● **Assignment**
Reproduce the listing word for word, leaving every picture behind.

● **Exercise data**
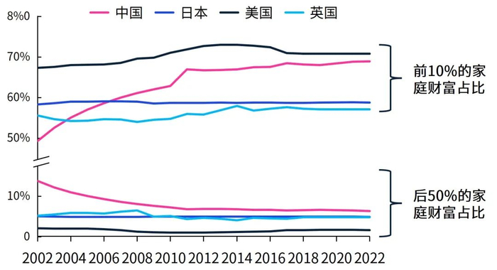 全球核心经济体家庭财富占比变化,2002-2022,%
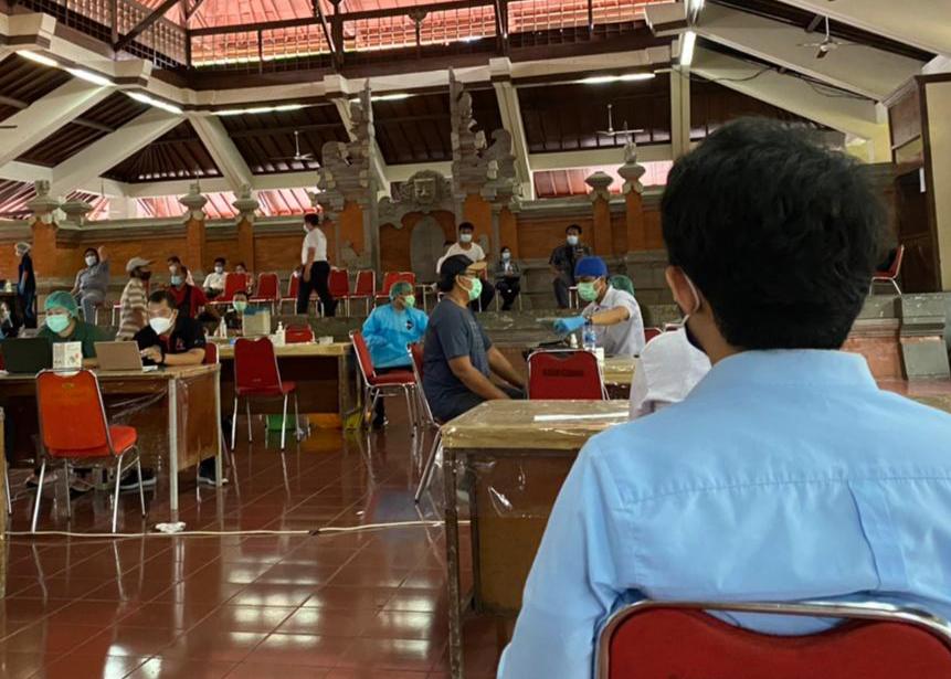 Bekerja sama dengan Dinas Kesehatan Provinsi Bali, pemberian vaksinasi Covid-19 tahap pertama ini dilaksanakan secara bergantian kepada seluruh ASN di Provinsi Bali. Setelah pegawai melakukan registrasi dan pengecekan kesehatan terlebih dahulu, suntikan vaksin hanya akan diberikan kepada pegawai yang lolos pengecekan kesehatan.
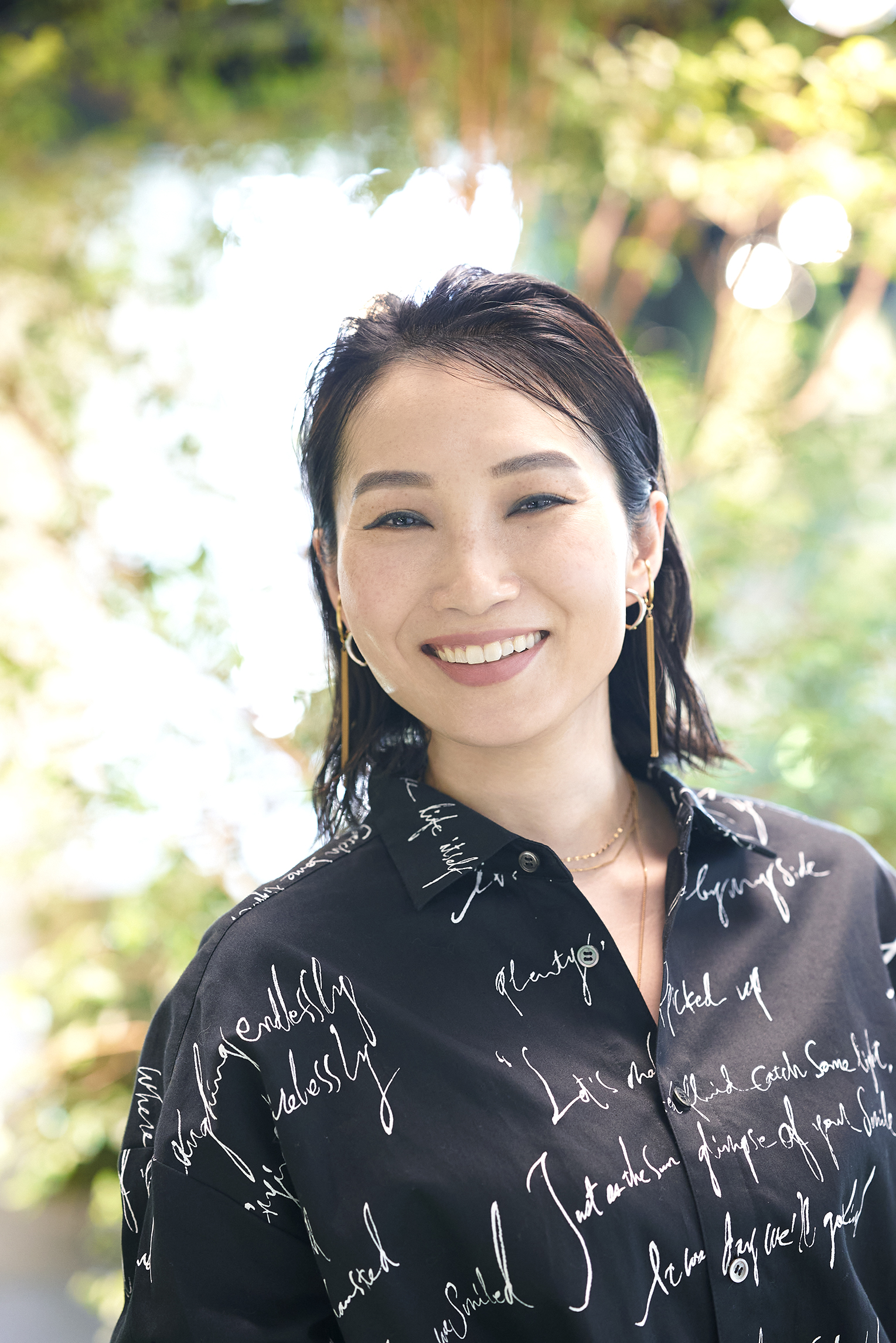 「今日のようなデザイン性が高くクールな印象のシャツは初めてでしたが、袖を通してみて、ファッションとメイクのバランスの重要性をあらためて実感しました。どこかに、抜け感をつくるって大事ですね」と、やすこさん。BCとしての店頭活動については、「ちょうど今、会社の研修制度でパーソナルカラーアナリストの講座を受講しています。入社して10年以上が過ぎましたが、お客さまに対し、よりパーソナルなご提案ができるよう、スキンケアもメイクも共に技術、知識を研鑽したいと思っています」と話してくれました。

● **Answer box**
 全球核心经济体家庭财富占比变化,2002-2022,%
 Bekerja sama dengan Dinas Kesehatan Provinsi Bali, pemberian vaksinasi Covid-19 tahap pertama ini dilaksanakan secara bergantian kepada seluruh ASN di Provinsi Bali. Setelah pegawai melakukan registrasi dan pengecekan kesehatan terlebih dahulu, suntikan vaksin hanya akan diberikan kepada pegawai yang lolos pengecekan kesehatan.
 「今日のようなデザイン性が高くクールな印象のシャツは初めてでしたが、袖を通してみて、ファッションとメイクのバランスの重要性をあらためて実感しました。どこかに、抜け感をつくるって大事ですね」と、やすこさん。BCとしての店頭活動については、「ちょうど今、会社の研修制度でパーソナルカラーアナリストの講座を受講しています。入社して10年以上が過ぎましたが、お客さまに対し、よりパーソナルなご提案ができるよう、スキンケアもメイクも共に技術、知識を研鑽したいと思っています」と話してくれました。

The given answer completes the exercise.